Chapter 7. Feeding Everyone Well: Eradicating Hunger: A Broad Strategy

This chapter began by noting that sustaining a sufficient growth in food output to eradicate hunger will now take a superhuman effort both within agriculture and in related activities outside that sector. Soil erosion, aquifer depletion, and climate change threaten future food production. Food security may depend as much on the efforts of family planners as on farmers and as much on the decisions made in ministries of energy that shape future climate trends as on decisions made in ministries of agriculture. The difficulty in eradicating hunger is matched only by the urgency of doing so.

In countries where farm size is shrinking fast, raising land productivity deserves even greater priority than in the past. And increasingly, raising water productivity is the key to further gains in land productivity. Governments running the risk of an abrupt drop in food production as a result of aquifer depletion may be able to avoid such a situation only by simultaneously slowing population growth and raising water productivity in order to stabilize water tables.
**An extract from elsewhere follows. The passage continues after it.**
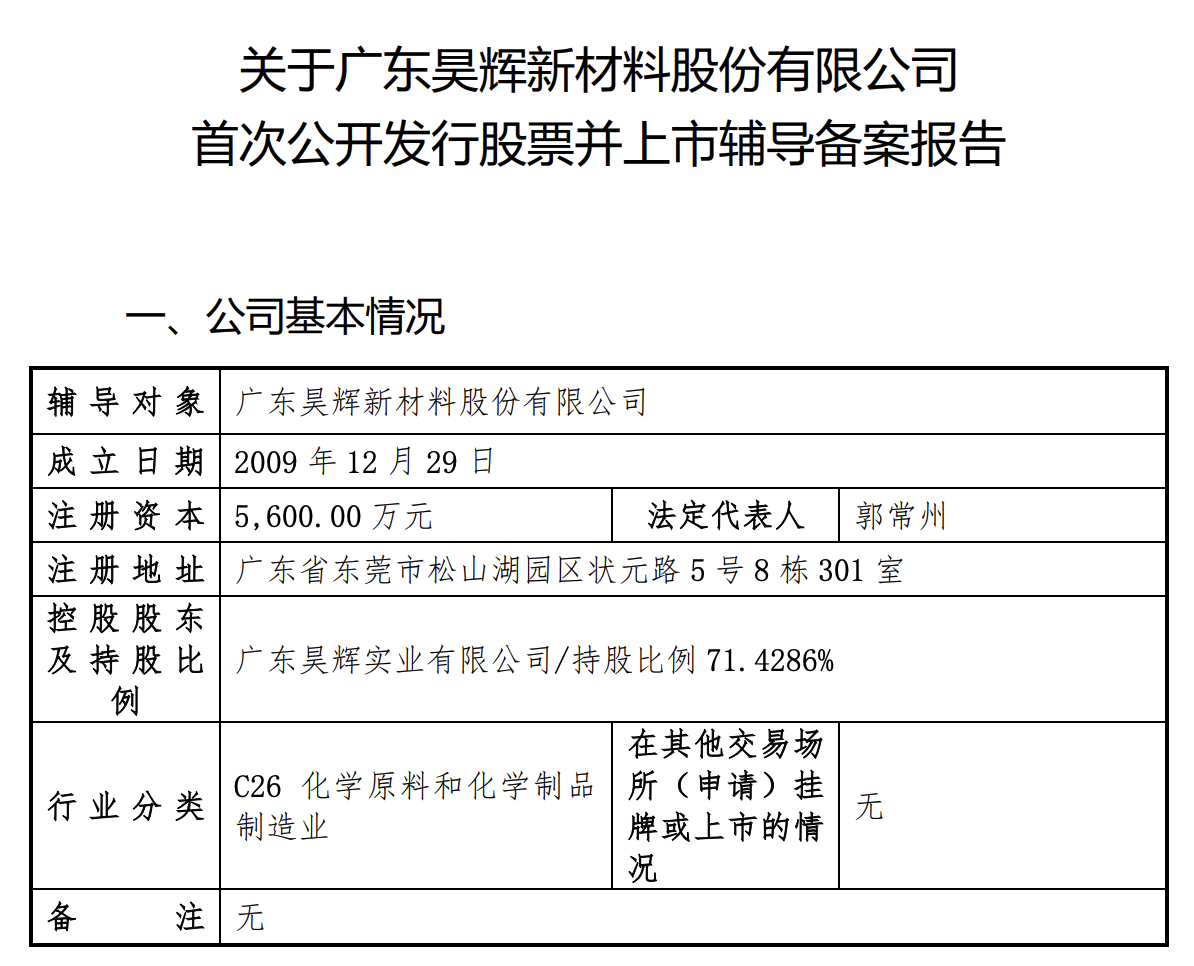 11月15日,证监会官网显示,广东昊辉新材料股份有限公司已启动上市辅导,东莞证券担任辅导机构。

Stabilizing population is as essential as it is difficult. If rapid population growth continues, it will lead to further fragmentation of land holdings, as well as to hydrological poverty on a scale that is now difficult to imagine. Hundreds of millions of people will not have enough water to meet their most basic needs, including food production. Chapter 10 discusses further the urgent need to stabilize world population.

With the rise in land productivity slowing, continuing rapid population growth makes eradicating rural hunger much more difficult, if not impossible. Perhaps the single most important thing India, for example, can do to enhance its future food security is to accelerate the shift to smaller families. This would enable it to move to the low-level U.N. population projection instead of the medium-level one, thereby adding only 289 million people instead of 563 million in the next 50 years.55

As the backlog of unused agricultural technology shrinks, providing enough food will increasingly depend on strengthening international agricultural research assistance. Appropriations for agricultural research are lagging far behind needs. For some farmers, the technology pipeline is running dry. More locally oriented investment in agricultural research that will help expand multiple cropping and intercropping could pay large dividends.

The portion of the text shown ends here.